How to Tame Climate Change Anxiety

How to Tame Climate Change Anxiety

If you’re worried about climate change, you’re not alone. Climate change anxiety has reached a new high for many, particularly the young, to the point that it's impacting their well being. Mental health intersects with climate change in a variety of ways. One type of climate change anxiety results from the post-traumatic stress of living through a climate event (fire, flood, storm, drought, etc), or dreading its impending arrival. Another comes from feelings of helplessness in the face of such a complex threat. Young people especially internalize that threat deeply and many are choosing not to have children because of climate change fears. Even those who live outside the immediate danger zones may struggle with the anxiety of watching climate events destroy and displace others' lives.

Tips for Managing Climate Change Anxiety

From a psychological perspective, climate change anxiety isn’t much different than other forms of anxiety. Treating it is something you can do with the help of a trained counselor, with trusted friends or community groups, or through self-care and reflection, depending on the severity of your symptoms. If you feel like your life is significantly impacted by anxiety of any kind, the best course is to seek professional help.

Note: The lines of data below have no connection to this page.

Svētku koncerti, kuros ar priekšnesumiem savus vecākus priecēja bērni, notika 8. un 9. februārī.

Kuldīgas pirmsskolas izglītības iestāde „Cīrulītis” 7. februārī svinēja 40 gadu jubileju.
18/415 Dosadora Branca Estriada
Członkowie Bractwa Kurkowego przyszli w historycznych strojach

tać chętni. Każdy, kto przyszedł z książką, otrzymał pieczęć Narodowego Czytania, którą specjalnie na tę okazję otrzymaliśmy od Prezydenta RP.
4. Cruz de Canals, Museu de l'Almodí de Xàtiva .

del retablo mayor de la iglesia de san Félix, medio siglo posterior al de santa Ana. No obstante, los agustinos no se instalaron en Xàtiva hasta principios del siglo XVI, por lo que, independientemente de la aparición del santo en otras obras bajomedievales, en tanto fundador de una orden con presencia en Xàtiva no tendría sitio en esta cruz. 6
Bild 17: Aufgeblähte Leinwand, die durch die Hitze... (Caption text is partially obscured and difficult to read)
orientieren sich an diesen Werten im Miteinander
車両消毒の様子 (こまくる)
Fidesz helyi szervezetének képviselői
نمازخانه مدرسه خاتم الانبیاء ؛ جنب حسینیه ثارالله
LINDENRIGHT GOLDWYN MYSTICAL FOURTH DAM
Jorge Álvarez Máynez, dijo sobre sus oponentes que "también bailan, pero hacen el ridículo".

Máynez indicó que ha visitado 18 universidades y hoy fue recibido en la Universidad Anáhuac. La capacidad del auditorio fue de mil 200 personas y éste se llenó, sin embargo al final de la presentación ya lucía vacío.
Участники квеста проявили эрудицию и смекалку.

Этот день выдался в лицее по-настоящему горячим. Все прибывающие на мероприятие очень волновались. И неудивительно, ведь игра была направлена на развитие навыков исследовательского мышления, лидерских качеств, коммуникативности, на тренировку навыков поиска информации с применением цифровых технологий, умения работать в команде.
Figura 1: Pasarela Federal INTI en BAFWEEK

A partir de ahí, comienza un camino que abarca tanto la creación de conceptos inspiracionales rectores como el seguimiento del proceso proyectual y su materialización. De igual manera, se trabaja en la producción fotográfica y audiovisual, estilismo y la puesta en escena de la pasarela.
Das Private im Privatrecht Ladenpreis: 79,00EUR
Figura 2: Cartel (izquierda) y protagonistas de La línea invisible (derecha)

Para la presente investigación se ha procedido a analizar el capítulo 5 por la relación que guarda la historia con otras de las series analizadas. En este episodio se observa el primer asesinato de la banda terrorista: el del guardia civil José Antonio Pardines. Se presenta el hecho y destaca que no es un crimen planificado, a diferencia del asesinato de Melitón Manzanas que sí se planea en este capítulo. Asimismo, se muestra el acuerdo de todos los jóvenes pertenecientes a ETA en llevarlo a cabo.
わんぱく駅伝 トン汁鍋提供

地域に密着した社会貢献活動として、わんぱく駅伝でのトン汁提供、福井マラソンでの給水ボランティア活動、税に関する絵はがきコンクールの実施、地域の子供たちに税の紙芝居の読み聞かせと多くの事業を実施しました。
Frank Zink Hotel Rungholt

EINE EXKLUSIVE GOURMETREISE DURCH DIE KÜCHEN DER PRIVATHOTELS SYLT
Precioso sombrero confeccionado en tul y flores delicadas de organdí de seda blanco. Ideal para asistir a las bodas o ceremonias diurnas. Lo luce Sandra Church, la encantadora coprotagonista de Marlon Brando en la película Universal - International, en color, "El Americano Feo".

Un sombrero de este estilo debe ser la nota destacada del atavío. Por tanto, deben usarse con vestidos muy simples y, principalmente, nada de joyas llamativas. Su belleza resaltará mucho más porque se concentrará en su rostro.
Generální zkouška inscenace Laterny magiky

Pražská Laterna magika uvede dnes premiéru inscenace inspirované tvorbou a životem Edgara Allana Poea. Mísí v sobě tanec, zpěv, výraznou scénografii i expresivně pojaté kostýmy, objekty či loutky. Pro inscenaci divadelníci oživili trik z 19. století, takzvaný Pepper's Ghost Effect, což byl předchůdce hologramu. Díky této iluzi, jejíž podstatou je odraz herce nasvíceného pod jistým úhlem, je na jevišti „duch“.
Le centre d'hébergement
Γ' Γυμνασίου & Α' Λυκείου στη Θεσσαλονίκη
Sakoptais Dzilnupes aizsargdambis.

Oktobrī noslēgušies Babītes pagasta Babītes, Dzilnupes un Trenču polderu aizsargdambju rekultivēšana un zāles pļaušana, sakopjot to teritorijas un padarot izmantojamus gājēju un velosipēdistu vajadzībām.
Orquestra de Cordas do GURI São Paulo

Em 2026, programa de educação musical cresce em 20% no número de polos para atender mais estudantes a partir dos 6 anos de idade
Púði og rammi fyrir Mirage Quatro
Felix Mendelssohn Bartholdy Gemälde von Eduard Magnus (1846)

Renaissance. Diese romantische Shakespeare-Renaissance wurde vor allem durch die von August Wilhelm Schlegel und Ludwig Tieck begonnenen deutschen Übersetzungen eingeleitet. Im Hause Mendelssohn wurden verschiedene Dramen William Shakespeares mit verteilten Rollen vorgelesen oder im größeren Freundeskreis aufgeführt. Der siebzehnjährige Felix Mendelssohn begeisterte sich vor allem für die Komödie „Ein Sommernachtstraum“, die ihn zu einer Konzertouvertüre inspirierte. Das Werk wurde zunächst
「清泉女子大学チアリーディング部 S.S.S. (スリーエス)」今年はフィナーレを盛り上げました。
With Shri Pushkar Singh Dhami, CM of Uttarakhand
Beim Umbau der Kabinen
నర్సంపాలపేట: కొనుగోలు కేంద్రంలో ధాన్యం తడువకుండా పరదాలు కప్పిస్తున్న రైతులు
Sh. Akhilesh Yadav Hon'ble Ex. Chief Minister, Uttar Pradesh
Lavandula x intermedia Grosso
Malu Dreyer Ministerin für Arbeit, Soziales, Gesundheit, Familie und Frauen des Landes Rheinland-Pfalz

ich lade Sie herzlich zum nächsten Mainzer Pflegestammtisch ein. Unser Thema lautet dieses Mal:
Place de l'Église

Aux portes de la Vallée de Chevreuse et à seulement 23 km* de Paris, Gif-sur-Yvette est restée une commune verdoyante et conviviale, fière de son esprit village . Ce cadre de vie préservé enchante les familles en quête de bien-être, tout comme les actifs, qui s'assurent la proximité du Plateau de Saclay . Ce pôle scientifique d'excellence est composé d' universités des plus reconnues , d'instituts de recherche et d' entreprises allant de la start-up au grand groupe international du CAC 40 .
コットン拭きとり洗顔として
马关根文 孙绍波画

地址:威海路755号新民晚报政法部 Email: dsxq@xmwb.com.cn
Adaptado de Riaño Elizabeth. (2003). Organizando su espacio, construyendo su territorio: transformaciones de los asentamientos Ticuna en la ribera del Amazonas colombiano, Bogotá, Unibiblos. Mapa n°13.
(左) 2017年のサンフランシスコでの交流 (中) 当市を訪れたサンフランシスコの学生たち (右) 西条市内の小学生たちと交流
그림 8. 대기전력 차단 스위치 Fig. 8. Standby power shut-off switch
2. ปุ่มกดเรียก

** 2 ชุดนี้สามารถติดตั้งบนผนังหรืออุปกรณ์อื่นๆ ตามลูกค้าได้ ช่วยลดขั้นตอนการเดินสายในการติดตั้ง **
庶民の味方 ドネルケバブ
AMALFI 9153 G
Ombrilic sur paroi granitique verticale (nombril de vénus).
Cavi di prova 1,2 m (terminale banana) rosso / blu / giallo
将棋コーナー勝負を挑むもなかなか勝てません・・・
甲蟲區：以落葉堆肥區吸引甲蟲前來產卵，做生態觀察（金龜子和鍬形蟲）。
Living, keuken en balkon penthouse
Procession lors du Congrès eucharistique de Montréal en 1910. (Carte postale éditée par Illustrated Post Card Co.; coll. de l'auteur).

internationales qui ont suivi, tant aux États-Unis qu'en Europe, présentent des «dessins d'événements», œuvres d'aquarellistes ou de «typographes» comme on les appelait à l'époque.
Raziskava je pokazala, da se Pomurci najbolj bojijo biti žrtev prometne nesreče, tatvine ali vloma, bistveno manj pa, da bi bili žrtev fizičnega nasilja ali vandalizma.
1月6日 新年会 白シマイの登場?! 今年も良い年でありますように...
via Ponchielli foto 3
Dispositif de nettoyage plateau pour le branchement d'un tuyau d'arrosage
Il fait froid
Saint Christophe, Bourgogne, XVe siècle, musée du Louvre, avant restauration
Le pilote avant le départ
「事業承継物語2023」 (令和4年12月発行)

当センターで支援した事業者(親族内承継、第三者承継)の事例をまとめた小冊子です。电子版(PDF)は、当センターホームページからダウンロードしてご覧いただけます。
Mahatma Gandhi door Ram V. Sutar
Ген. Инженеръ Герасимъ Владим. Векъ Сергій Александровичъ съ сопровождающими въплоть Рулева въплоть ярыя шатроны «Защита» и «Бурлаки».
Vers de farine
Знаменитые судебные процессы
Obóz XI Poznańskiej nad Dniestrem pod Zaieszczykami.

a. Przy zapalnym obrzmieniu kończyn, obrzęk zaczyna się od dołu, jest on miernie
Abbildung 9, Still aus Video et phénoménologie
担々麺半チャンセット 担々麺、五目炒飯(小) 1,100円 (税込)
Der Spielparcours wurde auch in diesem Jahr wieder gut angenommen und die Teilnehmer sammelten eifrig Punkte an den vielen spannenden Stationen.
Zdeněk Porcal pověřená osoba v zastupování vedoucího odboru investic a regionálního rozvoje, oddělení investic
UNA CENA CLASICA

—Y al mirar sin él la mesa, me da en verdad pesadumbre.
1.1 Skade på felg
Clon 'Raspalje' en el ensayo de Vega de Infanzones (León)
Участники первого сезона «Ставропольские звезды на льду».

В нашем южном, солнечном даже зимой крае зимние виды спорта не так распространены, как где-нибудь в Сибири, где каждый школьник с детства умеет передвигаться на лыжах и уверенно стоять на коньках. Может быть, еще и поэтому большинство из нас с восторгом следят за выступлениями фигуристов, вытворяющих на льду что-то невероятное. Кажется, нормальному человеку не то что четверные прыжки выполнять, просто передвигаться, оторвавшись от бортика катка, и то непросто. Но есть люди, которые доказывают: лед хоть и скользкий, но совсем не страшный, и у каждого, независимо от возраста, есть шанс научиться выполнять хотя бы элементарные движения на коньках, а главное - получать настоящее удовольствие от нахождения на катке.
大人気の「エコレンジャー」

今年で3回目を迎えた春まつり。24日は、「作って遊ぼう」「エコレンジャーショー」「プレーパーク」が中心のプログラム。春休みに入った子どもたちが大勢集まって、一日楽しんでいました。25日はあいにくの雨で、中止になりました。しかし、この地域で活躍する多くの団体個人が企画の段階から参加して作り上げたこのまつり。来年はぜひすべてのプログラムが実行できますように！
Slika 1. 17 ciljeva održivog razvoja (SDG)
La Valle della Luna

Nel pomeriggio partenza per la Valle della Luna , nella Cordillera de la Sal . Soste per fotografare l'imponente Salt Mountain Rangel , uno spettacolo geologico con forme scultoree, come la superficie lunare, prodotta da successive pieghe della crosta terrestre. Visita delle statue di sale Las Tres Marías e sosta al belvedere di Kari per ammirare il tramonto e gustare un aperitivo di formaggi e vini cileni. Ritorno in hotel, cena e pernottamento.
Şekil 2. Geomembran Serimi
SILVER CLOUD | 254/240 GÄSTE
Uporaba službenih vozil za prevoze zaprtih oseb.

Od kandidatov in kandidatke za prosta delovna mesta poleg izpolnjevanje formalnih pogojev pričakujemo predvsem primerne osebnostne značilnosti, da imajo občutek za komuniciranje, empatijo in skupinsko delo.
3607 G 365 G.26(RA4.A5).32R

Take time to reflect on your feelings.

Acknowledging and exploring your feelings can go a long way in helping you process them. Both nihilism and optimism can detract from addressing your anxiety head on. According to climate psychologist Renee Lertzman, it’s important to “pause, take stock, reflect,” and in that process, “deal with whatever might be coming up around guilt, and shame, and remorse, and anger and all that stuff that is very natural when you start to really, truly accept and take stock of the situation.”

Differentiate between constructive and destructive fear.

Climate change coverage and messaging often utilizes fear to get your attention and inspire you to take action. While fear-based appeals do appear to work, they are better at fueling one-time actions than long-term commitment. Over time, fear and its close cousin, worry, can debilitate your ability to act by causing burnout, numbness, or disengagement.

Talk about your feelings.

Sharing fear-based messages through passive means, such as email or social media, tends to increase worry rather than generate meaningful solutions. Anxiety and fear are isolating. Sharing our vulnerabilities with each other humanizes the threat and helps people find similarities among our differences. Youth being treated at a psychotherapy meeting

Show compassion for the complexity of the situation.

Everyone responds to the threat of climate change differently. Shaming individual actions (driving a car, using plastic) is counterproductive and puts people on the defense. Compassion can turn anxiety into a constructive force. Lertzman says, “from a neurological perspective, it soothes the defense mechanism so we can actually move into prefrontal cortex problem-solving.”

Aim for emotional resilience.

“You cannot have a healthy society that is scared,” asserts therapist and environmental activist, Lise Van Susteren. In the context of climate change, emotional resilience means working toward positive outcomes even when it’s unclear they’ll succeed. It means giving up on the search for quick fixes and addressing an overwhelming thing like climate change with our daily efforts. In a recent New York Times op-ed, authors Auden Schendler and Aaron P. Jones compare this sort of resilience to the incremental process of practicing something that challenges us – as in yoga or dieting or learning an instrument. “Our actions must be to scale, so while we undertake individual steps in our lives, like retrofitting light bulbs, we must realize that real progress comes from voting, running for office, marching in protest, writing letters, and uncomfortable but respectful conversations with fathers-in-law. This work must be habitual. Everyday some learning and conversation. Every week a call to Congress. Every year a donation to a nonprofit advancing the cause. In other words, a practice… And we know what happens when enough people take up a cause as practice: Cultural norms change.” group of volunteers help clean up a public beach Addressing climate change anxiety is essential to building such a practice, and the two can go hand-in-hand. In fact, the presence of such anxiety might be a good sign: the risks of doing nothing have finally infiltrated our emotional landscape and our feelings are priming us for action.